Letter by Krishnan et al Regarding Article, "Platelet Expression Profiling and Clinical Validation of Myeloid-Related Protein-14 as a Novel Determinant of Cardiovascular Events"

Unni Krishnan, MRCP; Alison H. Goodall, PhD

Department of Cardiovascular Sciences, University of Leicester, Clinical Sciences Wing, Glenfield Hospital, Leicester, United Kingdom

Peter Bugert, PhD

Molecular Biology Laboratory, Institute of Transfusion Medicine and Immunology, University of Heidelberg, Medical Faculty of Mannheim Mannheim, Germany

An extract of the first 250 words of the full text is provided, because this article has no abstract.

To the Editor:

The article by Healy et al¹ raises interesting possibilities in coronary artery disease by suggesting a new candidate biomarker for stable coronary artery disease and postulating a novel source for myeloid-related protein-14 (MRP-14). In our opinion, however, there are some factors that may need to be considered before platelets can be determined to be a source of MRP-14.

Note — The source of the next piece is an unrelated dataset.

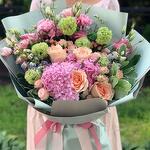 Véronique - 2 pce Ribbon - 2 pce Hydrangea - 1 pce Viorne - 2 pce Lisianthus - 4 pce Wrapping - 7 pce hypericum - 2 pce delphinium - 3 pce pittosporum - 4 pce rose scintillante - 5 pce spray de roses madame bombastic - 5 pce

Patients with ST-elevation myocardial infarction in the study¹ had significantly raised leukocyte counts, a factor that was not included in the multivariate model. Because leukocytes are a well-known source of MRP-14, this could explain the raised plasma levels of this protein in the patient group. Epidemiological studies suggest that leukocyte count is an independent predictor of coronary events in asymptomatic individuals. It would, therefore, be expected that leukocyte counts would be raised in the patient cohort in the validation study, significantly affecting the level of MRP-14 in plasma.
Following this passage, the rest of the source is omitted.